Der Auftakt der 44. ARCO Madrid war eine Hommage an die legendäre deutsch-spanische Sammlerin und Galeristin Helga de Alvear, die im Februar im Alter von 88 Jahren gestorben ist. Der Stand ihrer Galerie zeigt ausgesuchte Stücke aus der Sammlung de Alvears, von Jonathan Judd bis Man Ray, die sie allesamt auf der ARCO gekauft hatte. „Sie wollte es unbedingt noch schaffen“, erzählt die Tochter Patricia de Alvear im Gespräch mit der F.A.Z. „Sie hat es auch den Ärzten und Krankenschwestern gesagt: Sie wollte unbedingt noch einmal zur ARCO.“ Es sollte nicht sein. Freunde und Wegbegleiter begannen den Messemittwoch mit langem Applaus für die Verstorbene.
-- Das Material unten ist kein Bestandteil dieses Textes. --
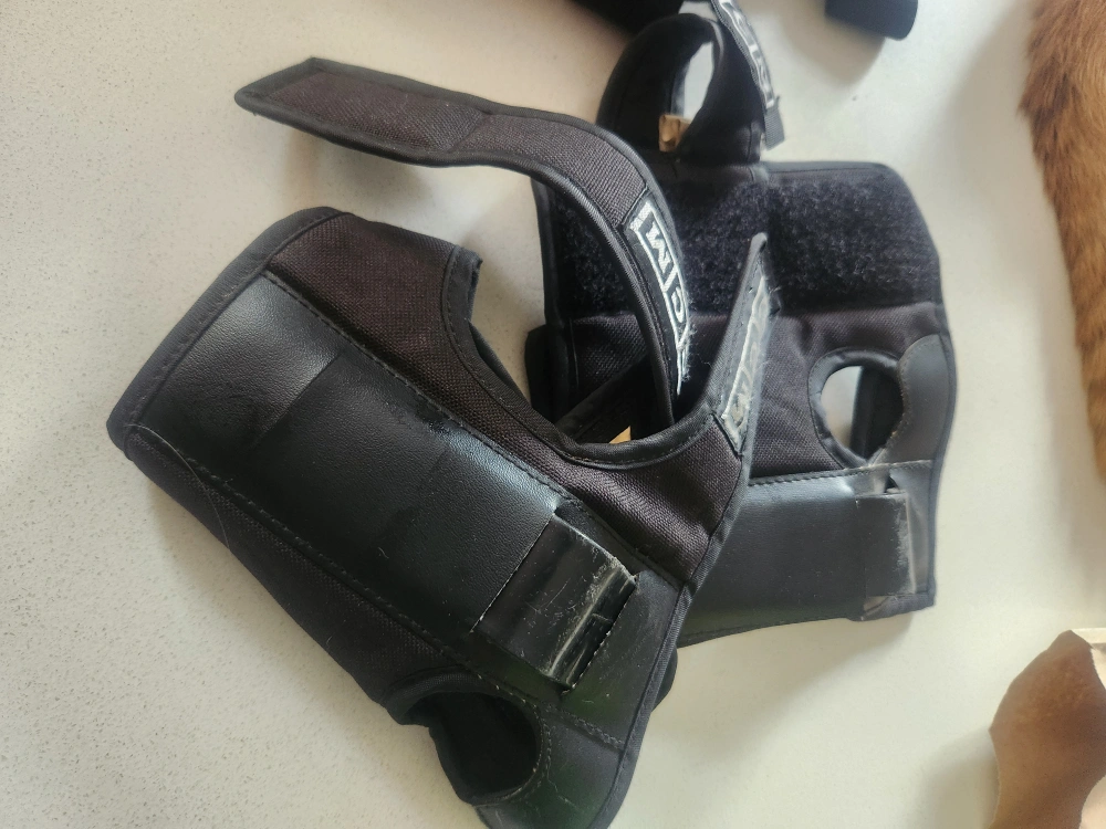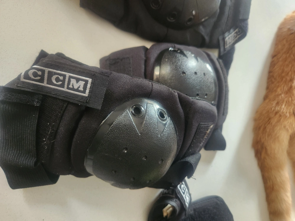Seldom-used men's knee pads, elbow pads and wrist pads for inline skating, rollerblading and skateboarding. Cleaned and still smells new.
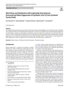 Work Stress and Satisfaction with Leadership Among Nurses Encountering Patient Aggression in Psychiatric Care: A Cross-Sectional Survey Study
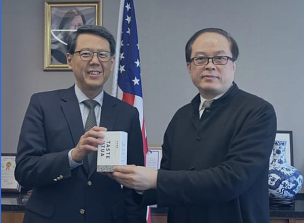 6月5日早上陳志誠校長拜會駐芝加哥臺北經濟文化辦事處,姜森處長偕同李唯誠副處長、洪中明副處長、舒俞敬組長、教育組林逸組長、華僑文教服務中心蔡季穎主任共同於代表處會議室餐敘交流。會談席間姜處長表示,長年來臺藝大於北美、加拿大陸續登場的巡迴交流演出響應熱烈、無不喝采,除了達成文化外交與宣慰海外僑胞的重大意義,亦獲明尼蘇達州的星辰論壇報大篇幅高度評譽報導,各界皆期待未來能更近一步促進國際文化學術交流發展。此外,在其任職外交部歐洲司長期間,即久仰陳志誠校長推動臺歐文化外交的不凡成果,進而期望臺藝大積極投入芝加哥教育合作、藝文活動交流的發展,相談甚歡。
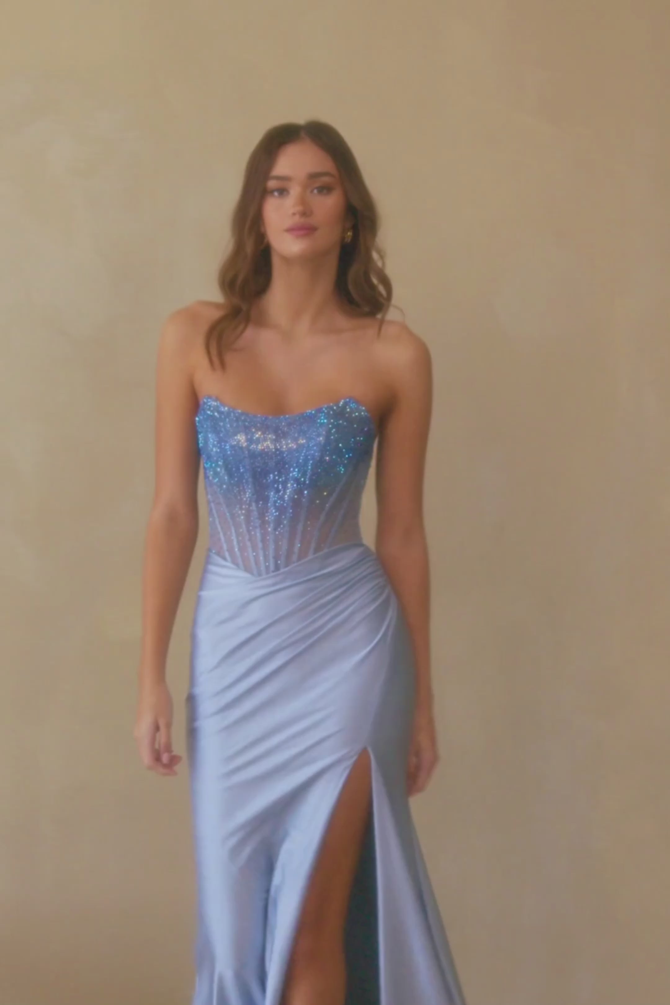 Vestido largo, strapless, detalles de strass en el corpiño, corsé ajustable en la espalda, abertura en la pierna.
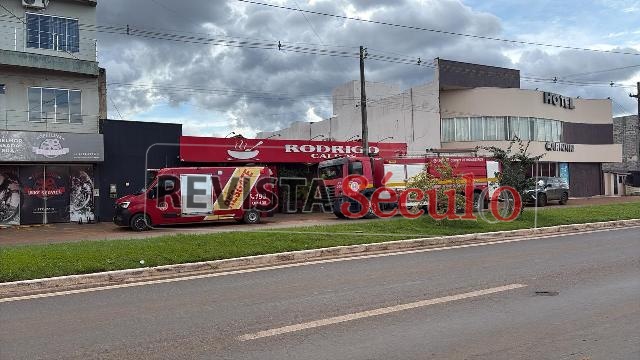 Na tarde desta quarta-feira, 1º de abril de 2026, um princípio de incêndio foi registrado em uma lanchonete localizada às margens da BR-174, no bairro Jardim América, em Vilhena.
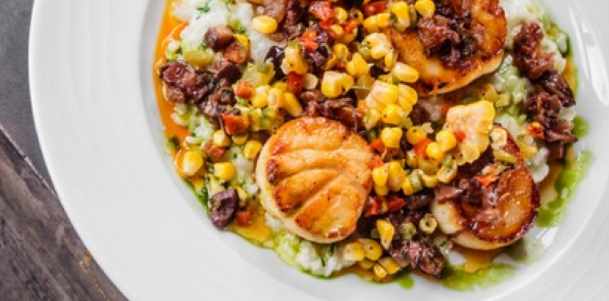 The Grouper and the Scallops further demonstrated how Washington Prime’s menu puts their own unique twist on items you might typically see on menus elsewhere. The Grouper (pictured above) is presented over Carolina gold rice along with tomato, asparagus, and a carrot butter sauce, while the Scallops (pictured below) are plated with middlins, corn relish, nicoise olives, and hunters sauce. An added feature that’s sure to please is that both dishes are gluten-free.
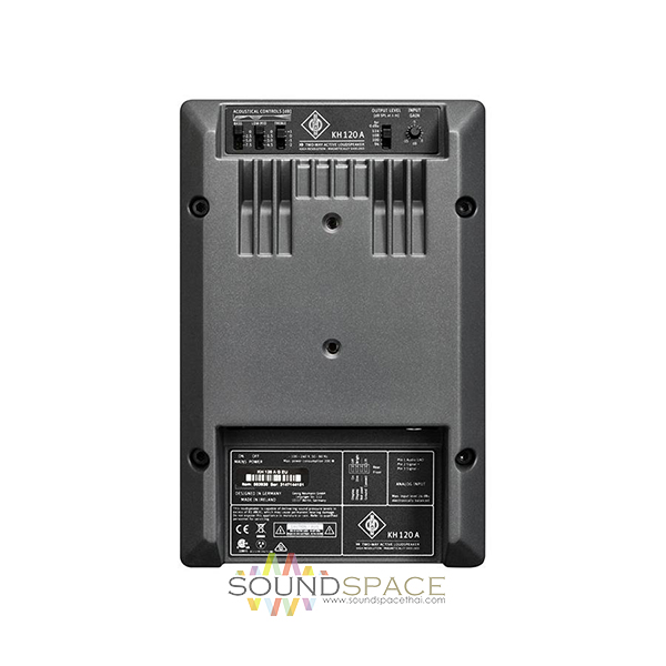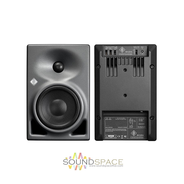 ลำโพงสตูดิโอสำหรับห้องอัดเสียง Neumann KH 120-A เป็นตู้ลำโพงแบบ Active ขนาดดอกลำโพง 5.25 นิ้ว Composite Sandwich Woofer Cone, เสียงแหลม 1 นิ้ว Titanium Dome Tweeter, มีกำลังขับ 160 Peak Analog AB Amplifier, ตอบสนองความถี่ 52 Hz to 21 kHz ± 3 dB
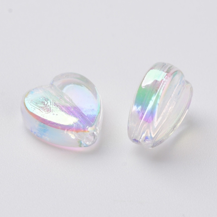 Бусины Акриловые Сердце Прозрачные, АВ-Цвет
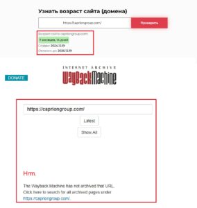 Мы заглянули и в Веб-Архив (https://web.archive.org/web/20250710231714/http://capriongroup.com/), где можно проследить историю сайта. Оказалось, что домен вообще пустовал. Это говорит о том, что Caprion Group — новый фейковый проект, созданный для выкачивания денег с доверчивых инвесторов.
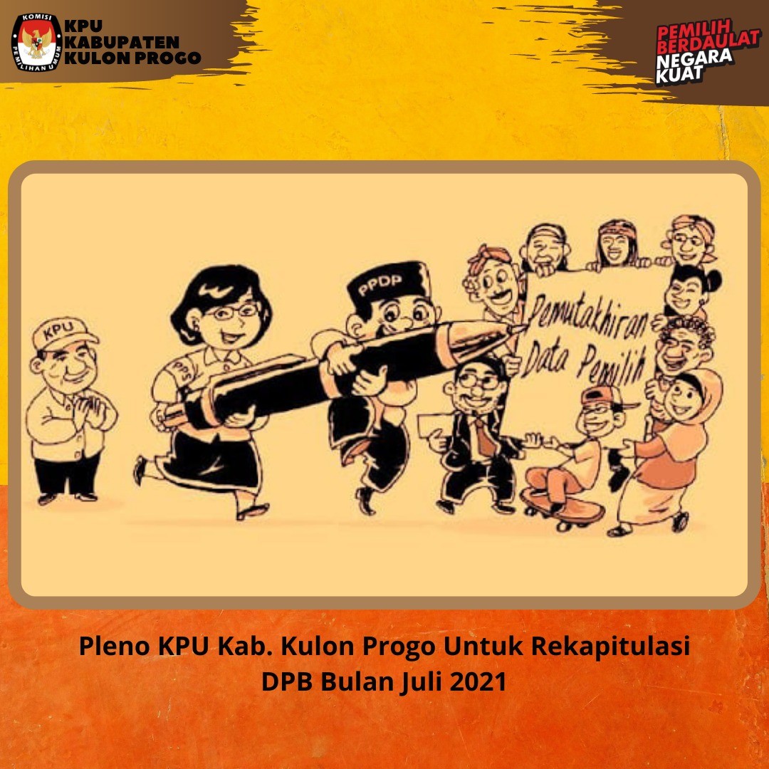 Hasil Pleno Pemutakhiran Daftar Pemilih Berkelanjutan Bulan Juli 2021 yang dilaksanakan tanggal 27 Juli 2021, menetapkan Jumlah pemilih berkelanjutan di Kabupaten Kulon Progo sebanyak 334.817 dengan rincian laki-laki sebanyak 162.522, dan pemilih perempuan sebanyak 172.295. Data tersebut bersumber dari Dinas Dukcapil Kulon Progo, Badan Pengawas Pemilu Kabupaten Kulon Progo, Balai Dikmen Kulon Progo, Kantor Kemenag Kabupaten Kulon Progo, Kantor Kecamatan dan Desa di wilayah Kulon Progo, serta dari masukan masyarakat. Pleno tersebut dihadiri oleh seluruh Komisioner, Sekretaris, Kasubag, dan Staf pelaksana di lingkungan KPU Kabupaten Kulon Progo. Adapun untuk link rincian rekapitulasi DPBbulan Juli 2021 silahkan klik disini

Die Stimmung auf der Messe ist gut, wie die Direktorin Maribel López bekräftigt. 214 Aussteller aus 36 Ländern sind gekommen, darunter neun neue Galerien, die sorgfältig ausgesucht wurden, denn die ARCO kann (und will) nicht wesentlich größer werden, als es die 38.000 Quadratmeter Ausstellungsfläche auf dem IFEMA-Gelände erlauben. Neben dem hohen Anteil der Spanier (rund ein Drittel) und Lateinamerikaner (ein weiteres Drittel) sind Portugal, Frankreich und Deutschland stark vertreten.
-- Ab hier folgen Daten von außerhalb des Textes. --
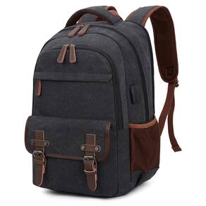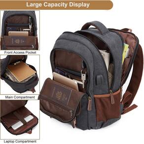 Mochila para laptop - Grande capacidade e organização: um compartimento separado para laptop comporta qualquer laptop de até 15,6 polegadas. Um compartimento espaçoso espaçoso para necessidades diárias, acessórios eletrônicos tecnológicos, produtos de higiene pessoal e muito mais. Compartimento frontal com muitos bolsos, bem como bolsos para caneta e um design de chaveiro para manter suas coisas organizadas e mais fáceis de encontrar. 2 bolsos laterais de malha para garrafas de água e guarda-chuvas. Tamanho: 47 x 31 x 21 cm; Capacidade de 30 a 35 litros. - Confortável e resistente: design traseiro acolchoado macio e confortável com acolchoamento ventilado de vários painéis espessos, mas macios, oferece o máximo suporte para as costas. Alças de ombro respiráveis e ajustáveis aliviam o desconforto do ombro. Alça superior acolchoada de espuma para um longo tempo de uso. - Porta USB e fone de ouvido: esta mochila para laptop tem porta USB externa com cabo de carregamento integrado que oferece carregamento conveniente do seu celular conectando seu próprio carregador portátil. A porta externa do fone de ouvido também oferece fácil acesso ao uso do fone de ouvido. (pacote com bateria não incluída). - Conveniente e seguro: uma alça de bagagem permite que a mochila se encaixe na bagagem, deslize sobre o tubo da alça vertical para facilitar o transporte. Com um bolso oculto antirroubo na parte de trás protege seus itens valiosos de ladrões. Um presente ideal para os pais, Ação de Graças, Natal, Dia dos Namorados. - Material durável: Feito de lona de alta densidade e acabamento de couro vegano; forro de poliéster (não resistente à água). A mochila também tem vários compartimentos embutidos, o que a torna perfeita para viagens, negócios, uso diário e atividades ao ar livre.
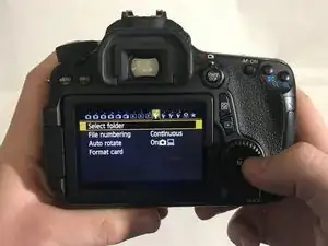 Включите камеру, переместив переключатель с позиции «Выкл» в позицию «Вкл». Переключатель расположен над сенсорным экраном и слева.
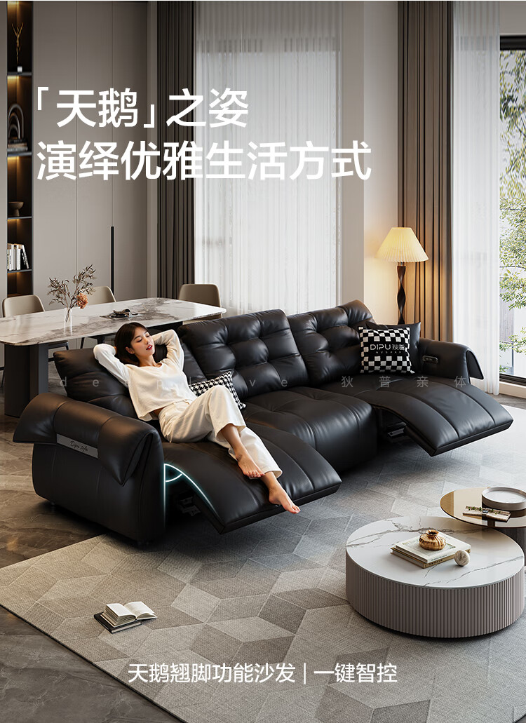 Dipu Electric Functional Cowhide Art Sofa Zero Wall Adjustable Internet Celebrity Italian First Class Sofa Swan Functional Position Around 2.70m Flagship Five-Star Sitting Feeling Thickened First-layer Cowhide on the Contact Surface Wear-Resistant and Easy to Maintain

Ungelöst bleibt der Streit um die spanische Mehrwertsteuer auf den Kauf von Kunstwerken. López beklagt, die 21 Prozent in Spanien – gegenüber sieben Prozent in Deutschland und 5,5 Prozent in Frankreich – sorgten für einen ungleichen Wettbewerb unter den Galeristen. Aus Protest schalteten die spanischen Stände am Mittwoch für ein paar Minuten die Lichter aus. Die Regierung, findet die Direktorin, müsse dem einheimischen Kunsthandel mit einer Senkung auf zehn oder gar vier Prozent entgegenkommen.
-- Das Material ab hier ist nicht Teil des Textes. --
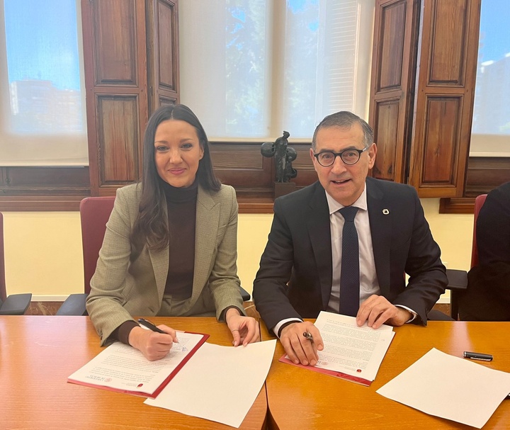 Momento de la firma del convenio por la consejera Carmen Conesa y el rector José Luján.
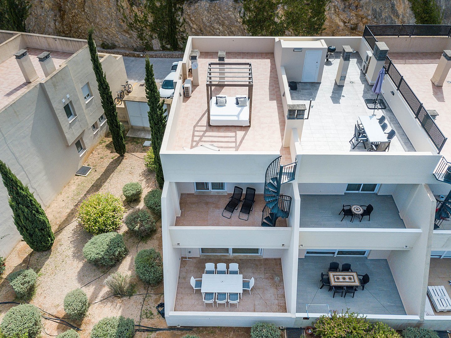 *JAHRESMIETE* Dieses moderne Stadthaus befindet sich in der exklusiven Wohnanlage von Roca Llisa am Fuße des Golfplatzes. Das Stadthaus ist renoviert, möbliert und mit allem Komfort ausgestattet, um das ganze Jahr zu leben. Im Erdgeschoss befindet sich das Wohnzimmer mit Zugang zur Terrasse, eine vollausgestattete Offene Küche mit Markengeräten, ein Doppelzimmer, ein Einzelbettzimmer und eine Waschküche. Im Obergeschoss befindet sich das Hauptschlafzimmer mit Badezimmer en Suite, Zugang zur Terrasse, ein Doppelbettzimmer und ein Badezimmer. Auf dem Dach finden wir ein 60m2 großes Solarium mit Bali Bett und Landschaftsblick. Ein 24-Stunden-Sicherheitsdienst, ein Parkplatz und ein Gemeinschaftsschwimmbad vervollständigen dieses Angebot.
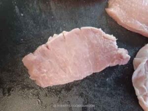 Make a few small cuts on the fat part of each pork stlice so they will cook without shrinking.
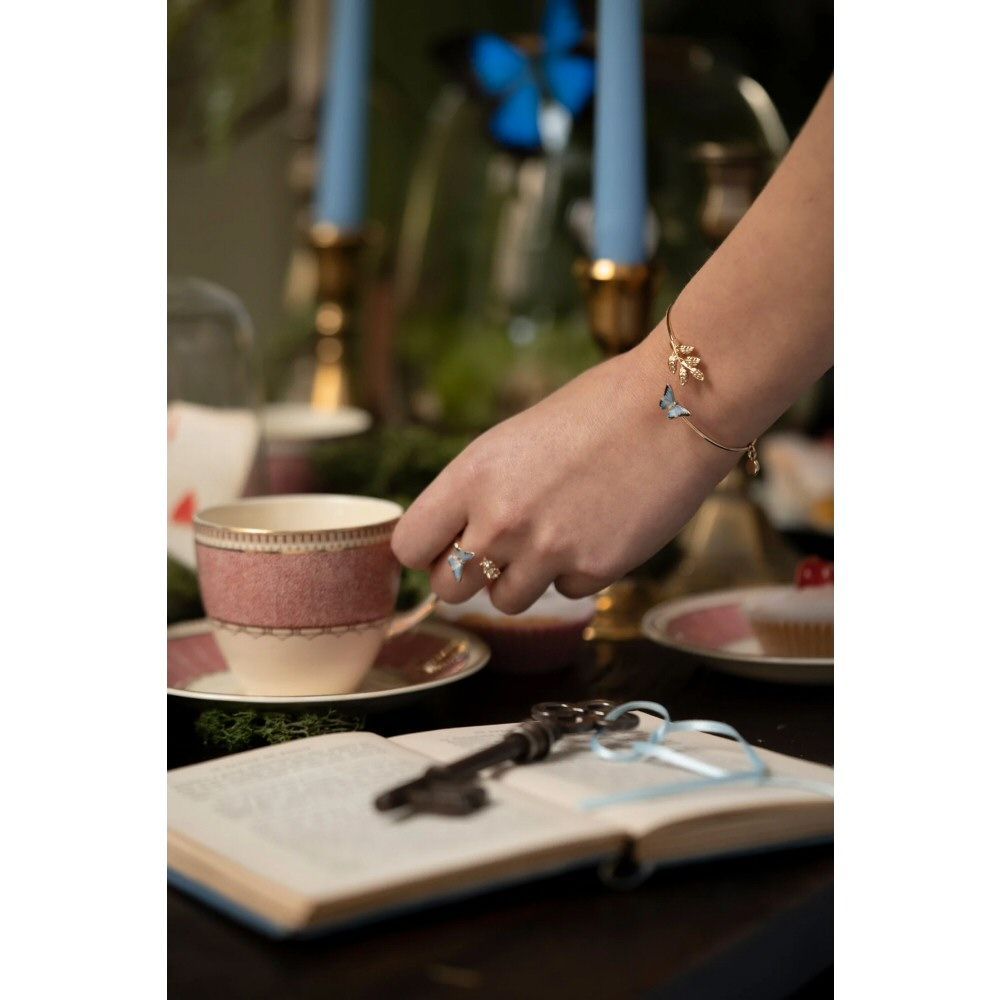 Gorgeous blue butterfly charm alongside a gold leaf charm, this bangle, made from durable brass, can be squeezed open and closed to suit the wrist of any wearer! iInspired by a Wonderland theme and Victorian curiosities, this delicately hand-painted enamel butterfly charm represents the freedom of nature and new beginnings.

Eugenio Merino hat wieder seinen ARCO-Auftritt

Eines der auffälligen politischen Statements zu Beginn der Messe stammte von dem Madrilenen Eugenio Merino, der schon öfter die ARCO aufgemischt hat. ADN verkaufte seine Spülmaschine „White Washing“, die Teller mit den Por­träts von Donald Trump, Javier Milei, Elon Musk und anderen wieder auf Hochglanz bringen soll, schon nach wenigen Stunden für knapp 22.000 Euro. Gefürchtete politische Player haben popkulturellen Status erlangt, wobei fraglich ist, ob das einem solidarischeren Politikverständnis nützt. Mancher wird sich nach den Katastrophennachrichten der vergangenen zehn Tage gedacht haben, auch der echte Trump könnte einen Spülgang vertragen.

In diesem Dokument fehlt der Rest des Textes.